Perguruan tinggi, terutama Perguruan Tinggi Islam memiliki kecenderungan untuk melakukan kompartementalisasi disiplin ilmu. Antar disiplin ilmu membentuk dinding pemisah. Ketika hal ini masuk ke studi agama, khususnya Islam, ini akan menjadi tantangan yang berat.
Amin Abdullah bertanya secara teoretis, “Apakah tidak bisa ketemu antara satu ilmu dengan ilmu yang lain? Apakah Kemendikbud dengan Kemenag tidak bisa bertemu?”. Dari pertanyaan tersebut, maka muncullah kegelisahan dalam diri Amin Abdullah. Ia kemudian mencurahkan kegelisahan ini dalam berbagai tulisannya sejak awal tahun 2000an.
Pada tahun 2019, Kementerian Agama menganggap bahwa hal ini menjadi penting sehingga Kemenag menerbitkan buku pedoman tentang integrasi-interkoneksi. “Maka, ketika Kemenag menangkap itu, kemasannya saya rubah menjadi inter, trans, dan multidisiplin,” imbuhnya.
Buku tersebut diantaranya membahas mengapa Studi agama dan studi Islam: mengalami Stagnasi metodologi, padahal perkembangan zaman dan teknologi berkembang pesat. Menurut Prof. Amin Abdullah sebagai penulis menjelaskan bahwa stagnasi metodologi itu dapat dicairkan. Sementara dalam studi agama ada ketegangan antara faith dan tradition. Dalam dunia akademik, salah satu ketegangannya adalah faith and critism, nalar baru yang bisa mencerahkan. Teori insider (mukminuna haqqa) and outsider (kerangka-kerangka teori) partisipant sebagai observer pemikiran yang kritis. Sehingga dalam buku tersebut Prof. Amin Abdullah menerangkan Bagaimana mengatasi ketegangan-ketegangan karena stagnasi metolodogi studi agama, bagaimana hubungan enam rumpun ilmu (ilmu agama, rumpun Ilmu Sosial, rumpun Ilmu Alam, rumpun Ilmu Formal, dan rumpun Ilmu Terapan) di era modern dan post modern.

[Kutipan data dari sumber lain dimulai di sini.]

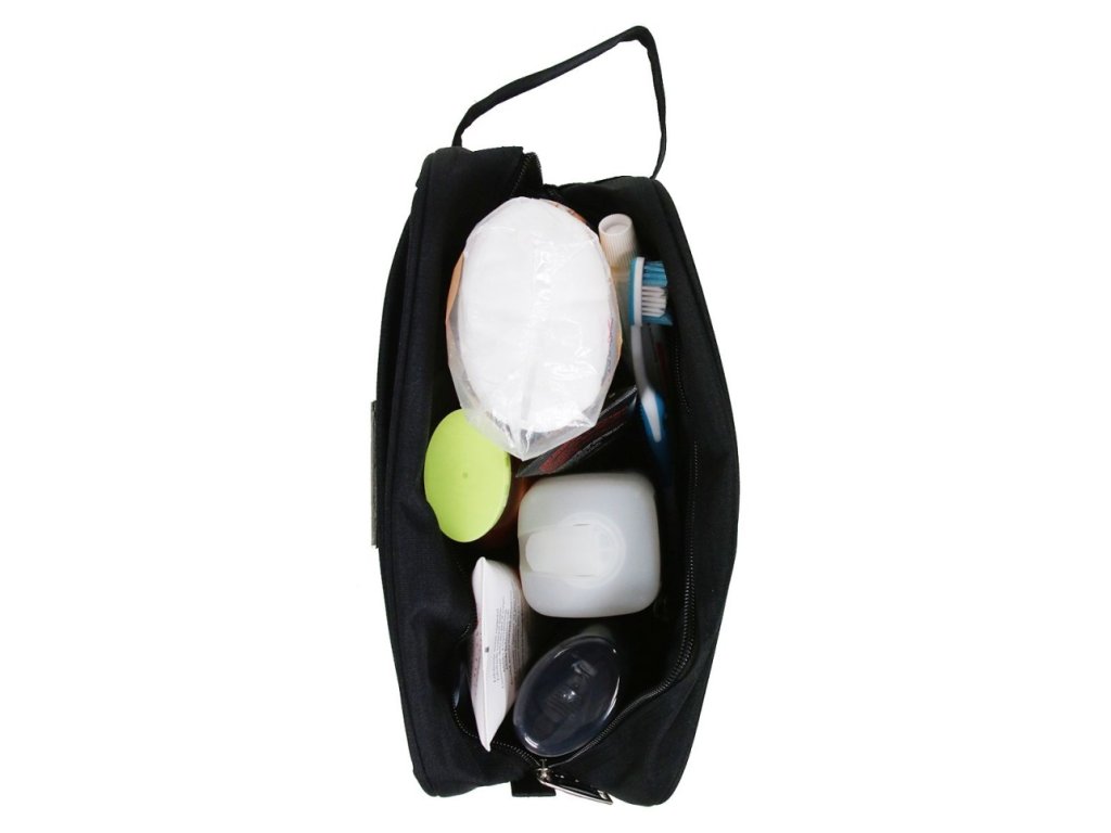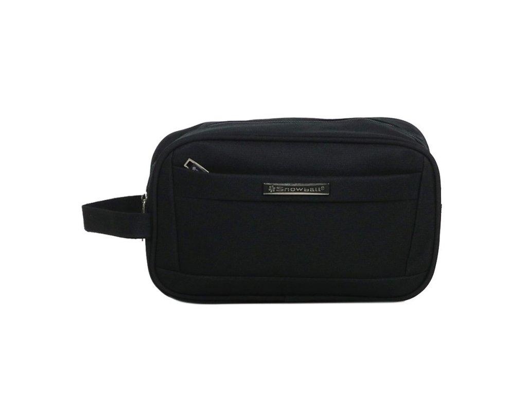 Cestovní kosmetická textilní taška značky Snowball v oblíbené černé barvě. Tašku si můžete pořídit k jakémukoli účelu, kde potřebujete mít při ruce své kosmetické a hygienické potřeby. Je kvalitně zpracovaná a má moderní design.

Amin Abdullah menekankan di dalam hubungan sains dan agama memiliki tiga kata kunci. Pertama, semi permiable, saling menembus satu sama lain. Ilmu fikih misalnya, tidak bisa merasa paling tinggi dan pemegang kebenaran. Begitu juga antropologi dan semua disiplin ilmu yang lain. Antar disiplin ilmu tidak memiliki tembok. Misalnya lagi psikologi dengan kalam.

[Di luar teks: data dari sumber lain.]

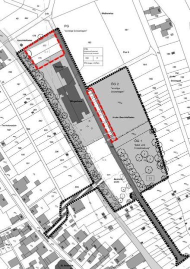 Ausschnitt genordet, ohne Maßstab, Änderungsbereiche rot umrandet

Pria kelahiran Pati ini menyebut tidak mengenalnya antar disiplin ilmu menandakan adanya kompartementalisasi yang berbahaya. Hal ini tidak bisa digunakan untuk menyelesaikan permasalahan yang ada, misalnya permasalahan pandemi Covid-19.
“Sekarang ini ada 17% orang Indonesia tidak percaya dengan adanya Covid-19, dan itu based on religion. Padahal ini persoalan religion and science. Tidak hanya religion semata,” terangnya.
Kedua, intersubjektif testability. Antar ilmu harus saling mengkritik. Ilmu agama tidak berada di atas segala-galanya dan tidak bebas kritik. Ketiga, creative imagination. Creative imagination hanya ada jika ada pertemuan yang ketat antar disiplin. Pertemuan antar disiplin akan menyebabkan active negotiation of knowledge.
“Perubahan luar biasa terjadi dalam seratus tahun ini, untuk itu studi-studi akademik harusnya berubah, apalagi ada pandemi Covid-19. Dengan adanya pandemi ini, menunjukkan bahwa monodisiplin tidak menjawab apa pun, namun membutuhkan interseksional antar disiplin ilmu,” ujar Amin Abdullah.